Implementation of parallel and divide and conquer algorithms in DeFT (LCGTO-DF).

Abstract

The program DeFT is an implementation of Density Functional Theory (DFT). The formalism that is used in this program is the linear combination of gaussian-type-orbitals (LCGTO). In this approach, there exists a method for the variational fitting of the density. Exchange-correlation is fitted on a numerical grid. It is these fitting procedures that reduce the formal scaling of LCGTO-DF to N$\sp3$ from N$\sp4$. The contribution to the total energy from the Coulomb repulsion integrals and the exchange correlation integrals causes the current bottleneck of DFT calculations. The parallelization of the three-centered two electron integrals should lead to improved efficiency. The use of the PVM communication package gives a way to a relatively simple means for transforming serial to parallel code.

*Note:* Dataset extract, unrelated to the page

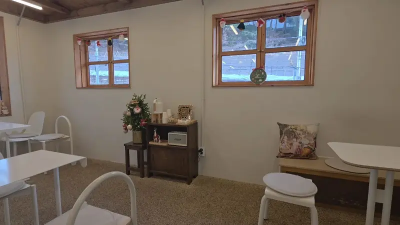 고민 끝에, “사장님, 여기 생딸기라떼랑 생딸기타르트 하나 주세요!” 주문 완료! 주문을 마치고 주변을 둘러보니, 카페 곳곳에 숨겨진 매력들이 눈에 들어왔어. 창밖으로 보이는 소노벨 옹벽 뷰는 덤! 뻥 뚫린 시야가 내 마음까지 시원하게 만들어주는 것 같았어.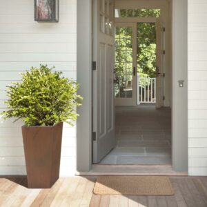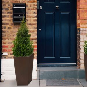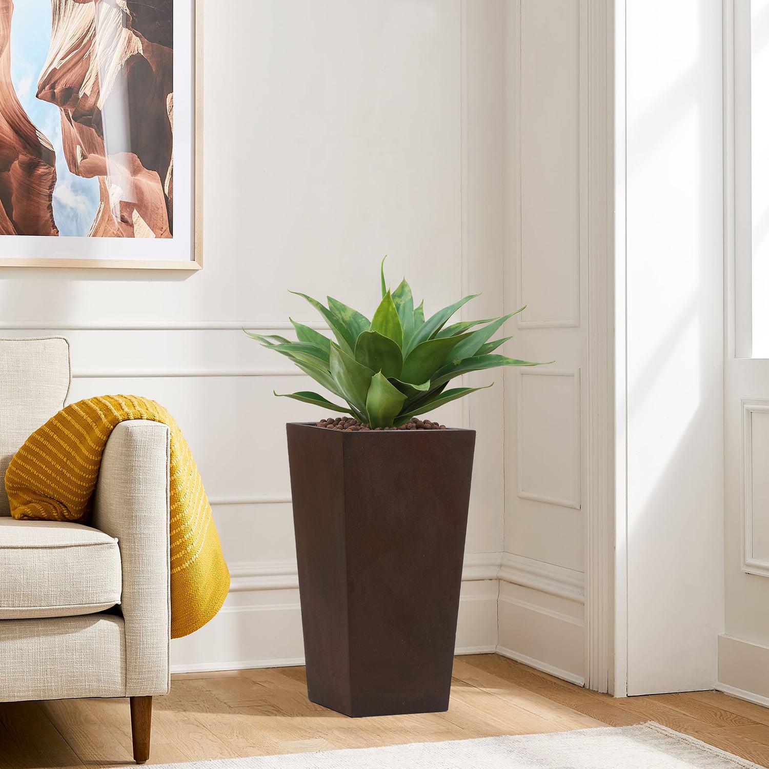 This tall and distinctive planter is the perfect addition to any front entrance. This design showcases a modern sleek square tapered design finished in a rustic brown perfect for the modern home. Designed to live outdoors it is crafted from weather-resistant magnesium oxide that does not mind UV light beaming down or rainstorms rolling through and this planter is durable and designed for all seasons. The planter includes a drainage hole so you can avoid over watering your plant. It also includes a drainage plug so you can place it indoors to freshen up your home as well! Whether on your porch in your sun room or entryway this planter is the perfect complement to your style!

An advantage of using PVM is that it is portable to a large variety of architectures. This allows PVM to act as a harness between clusters of workstations. The parallel implementation of DeFT is discussed. A divide-and-conquer implementation of LCGTO-DF is incorporated in DeFT. The use of Yang's density and density matrix formulations are incorporated into this scheme. The former is used for the fitting of the XC potential while the latter is used for the fitting of the charge density. This type of algorithm should achieve linear scaling for very large systems. Test calculations with the glycine heptapeptide demonstrate the errors to be expected from the introduction of the DAC approach. The use of buffer spaces is also examined in order to reduce the errors introduced by the DAC algorithm.